**TASK INSTRUCTIONS:**
In the data below, locate the line containing "كان المعنى: أَدْعوك" and the line containing "数据表明,超过半数(53.8", then retype both and everything between them exactly. Pictures are not part of the copy.
─── DATA SECTION
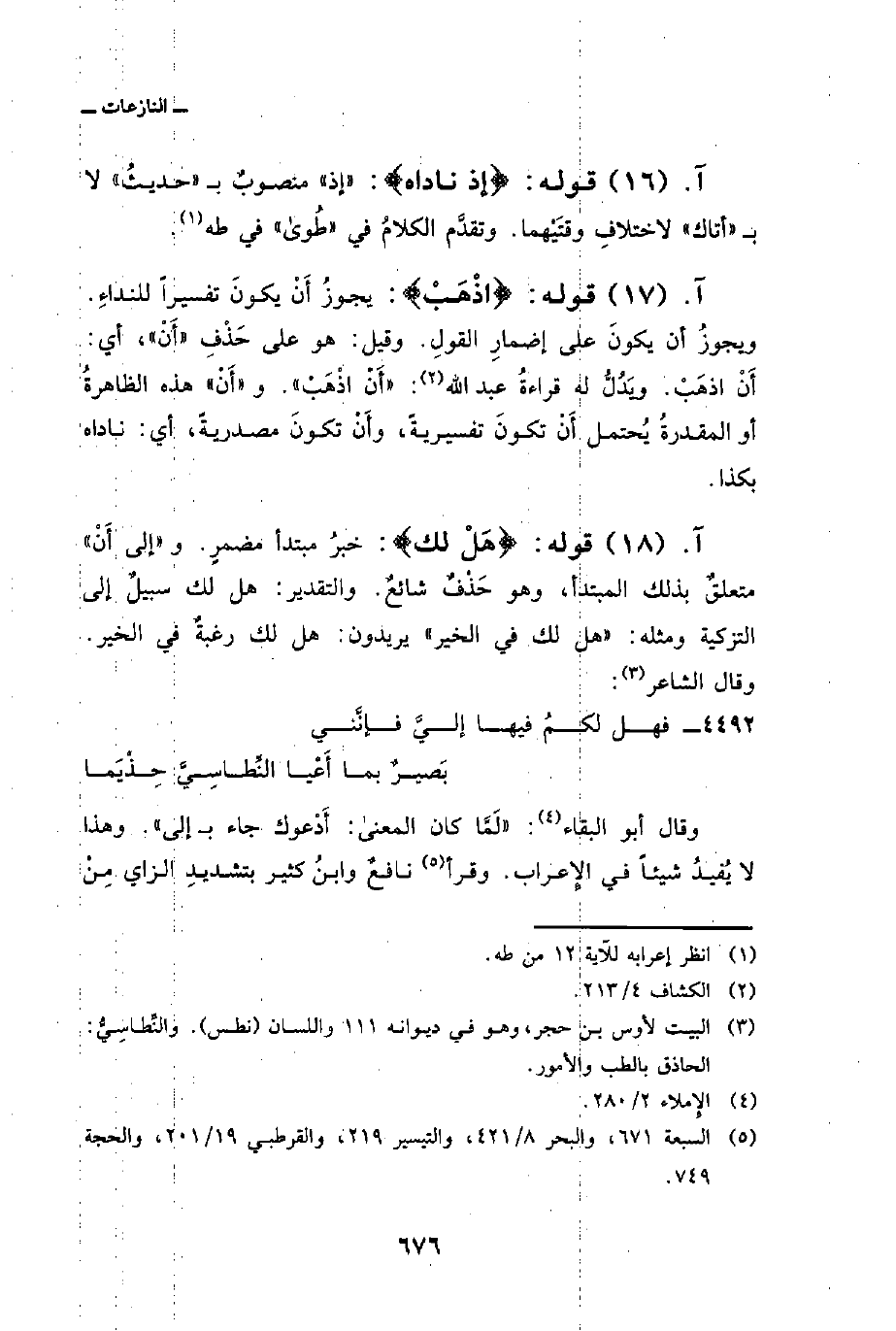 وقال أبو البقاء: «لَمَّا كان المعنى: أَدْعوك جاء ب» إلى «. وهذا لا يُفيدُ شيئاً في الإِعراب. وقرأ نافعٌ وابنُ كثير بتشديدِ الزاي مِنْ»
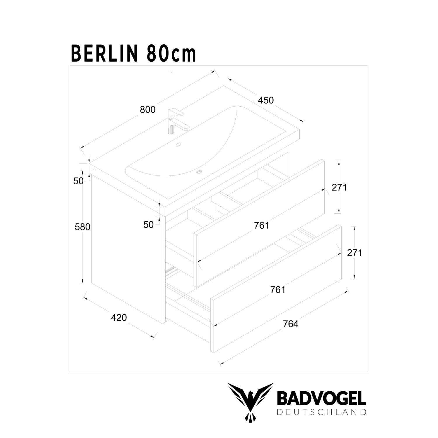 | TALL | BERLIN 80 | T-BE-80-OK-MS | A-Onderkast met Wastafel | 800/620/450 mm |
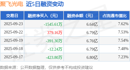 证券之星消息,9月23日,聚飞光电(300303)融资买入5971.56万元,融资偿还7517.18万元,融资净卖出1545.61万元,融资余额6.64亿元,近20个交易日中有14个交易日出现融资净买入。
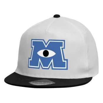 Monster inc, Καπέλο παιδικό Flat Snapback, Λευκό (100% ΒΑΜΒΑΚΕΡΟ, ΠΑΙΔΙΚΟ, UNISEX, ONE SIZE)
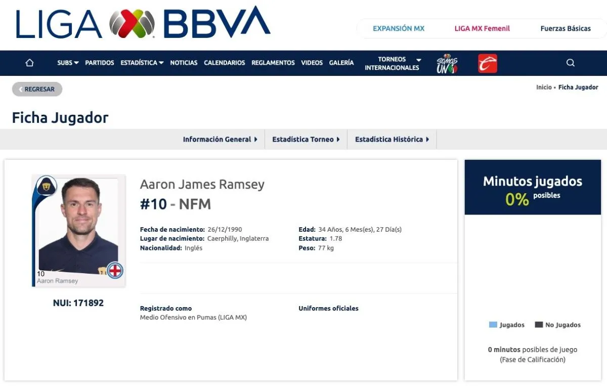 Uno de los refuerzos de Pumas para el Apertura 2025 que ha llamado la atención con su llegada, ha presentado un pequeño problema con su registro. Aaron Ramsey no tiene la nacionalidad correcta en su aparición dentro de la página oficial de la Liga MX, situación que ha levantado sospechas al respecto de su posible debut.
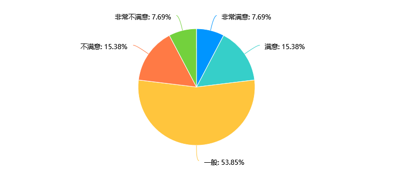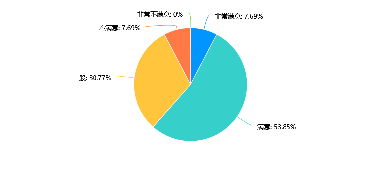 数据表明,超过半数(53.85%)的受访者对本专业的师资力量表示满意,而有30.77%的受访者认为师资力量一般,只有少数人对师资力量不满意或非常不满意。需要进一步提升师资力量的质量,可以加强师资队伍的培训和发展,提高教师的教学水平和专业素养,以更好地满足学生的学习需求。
──────
─── DATA SECTION
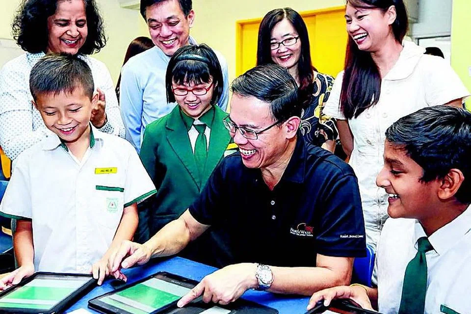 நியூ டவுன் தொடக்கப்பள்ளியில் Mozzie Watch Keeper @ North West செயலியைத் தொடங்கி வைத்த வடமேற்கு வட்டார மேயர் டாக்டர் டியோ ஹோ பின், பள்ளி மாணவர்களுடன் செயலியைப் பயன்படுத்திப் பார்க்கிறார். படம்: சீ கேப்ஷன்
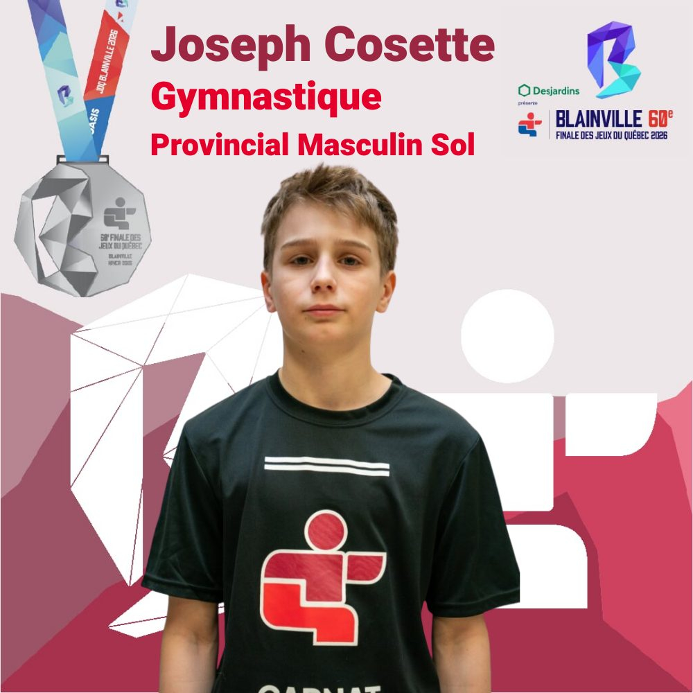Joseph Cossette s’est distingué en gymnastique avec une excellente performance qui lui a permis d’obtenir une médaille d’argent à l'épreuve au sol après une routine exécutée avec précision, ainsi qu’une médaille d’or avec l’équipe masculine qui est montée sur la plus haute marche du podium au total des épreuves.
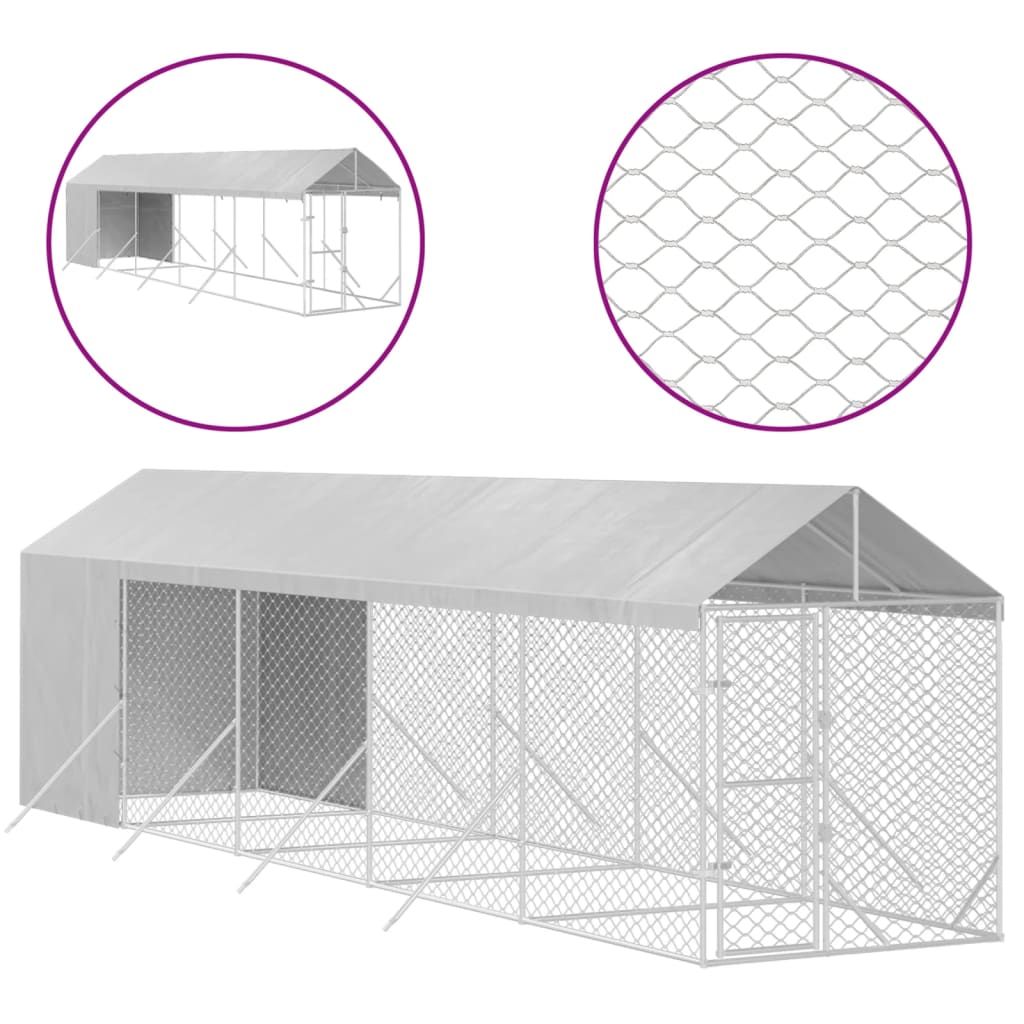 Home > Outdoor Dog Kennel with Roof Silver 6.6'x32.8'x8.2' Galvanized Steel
──────
─── DATA SECTION
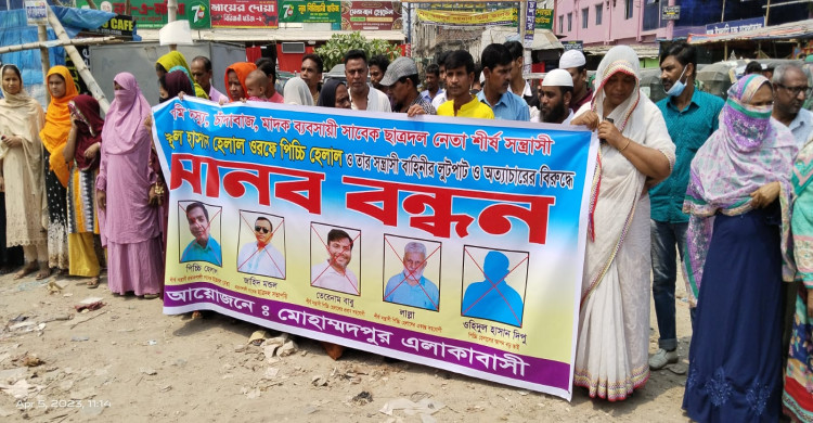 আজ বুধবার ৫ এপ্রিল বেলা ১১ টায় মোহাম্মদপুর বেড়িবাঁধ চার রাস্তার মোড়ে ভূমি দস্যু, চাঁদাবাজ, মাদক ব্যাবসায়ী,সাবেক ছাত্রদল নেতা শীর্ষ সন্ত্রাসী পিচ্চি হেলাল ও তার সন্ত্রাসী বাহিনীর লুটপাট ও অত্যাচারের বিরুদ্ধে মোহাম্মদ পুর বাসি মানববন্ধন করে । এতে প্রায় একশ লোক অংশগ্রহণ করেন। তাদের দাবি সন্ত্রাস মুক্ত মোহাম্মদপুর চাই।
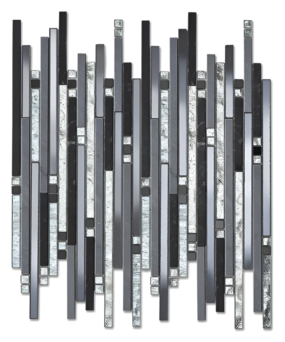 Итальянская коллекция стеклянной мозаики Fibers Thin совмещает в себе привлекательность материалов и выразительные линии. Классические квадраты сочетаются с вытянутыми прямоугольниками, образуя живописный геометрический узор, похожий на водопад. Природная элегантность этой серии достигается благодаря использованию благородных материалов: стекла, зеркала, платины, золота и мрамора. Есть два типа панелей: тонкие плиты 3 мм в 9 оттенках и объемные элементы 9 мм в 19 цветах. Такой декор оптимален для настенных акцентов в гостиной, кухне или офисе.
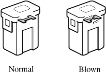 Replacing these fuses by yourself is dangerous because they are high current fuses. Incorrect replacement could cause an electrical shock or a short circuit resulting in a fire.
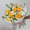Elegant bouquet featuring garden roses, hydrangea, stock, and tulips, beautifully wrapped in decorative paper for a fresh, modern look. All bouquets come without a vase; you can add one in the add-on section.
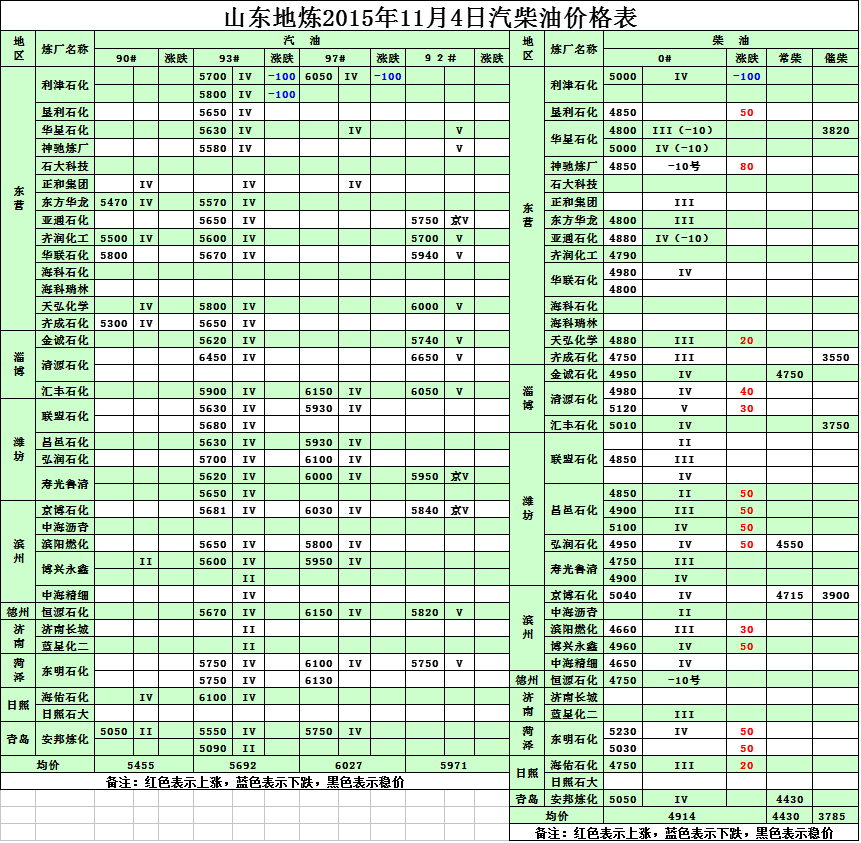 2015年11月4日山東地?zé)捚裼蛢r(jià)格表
──────
**ANSWER:**
 وقال أبو البقاء: «لَمَّا كان المعنى: أَدْعوك جاء ب» إلى «. وهذا لا يُفيدُ شيئاً في الإِعراب. وقرأ نافعٌ وابنُ كثير بتشديدِ الزاي مِنْ»
 | TALL | BERLIN 80 | T-BE-80-OK-MS | A-Onderkast met Wastafel | 800/620/450 mm |
 证券之星消息,9月23日,聚飞光电(300303)融资买入5971.56万元,融资偿还7517.18万元,融资净卖出1545.61万元,融资余额6.64亿元,近20个交易日中有14个交易日出现融资净买入。
 Monster inc, Καπέλο παιδικό Flat Snapback, Λευκό (100% ΒΑΜΒΑΚΕΡΟ, ΠΑΙΔΙΚΟ, UNISEX, ONE SIZE)
 Uno de los refuerzos de Pumas para el Apertura 2025 que ha llamado la atención con su llegada, ha presentado un pequeño problema con su registro. Aaron Ramsey no tiene la nacionalidad correcta en su aparición dentro de la página oficial de la Liga MX, situación que ha levantado sospechas al respecto de su posible debut.
 数据表明,超过半数(53.85%)的受访者对本专业的师资力量表示满意,而有30.77%的受访者认为师资力量一般,只有少数人对师资力量不满意或非常不满意。需要进一步提升师资力量的质量,可以加强师资队伍的培训和发展,提高教师的教学水平和专业素养,以更好地满足学生的学习需求。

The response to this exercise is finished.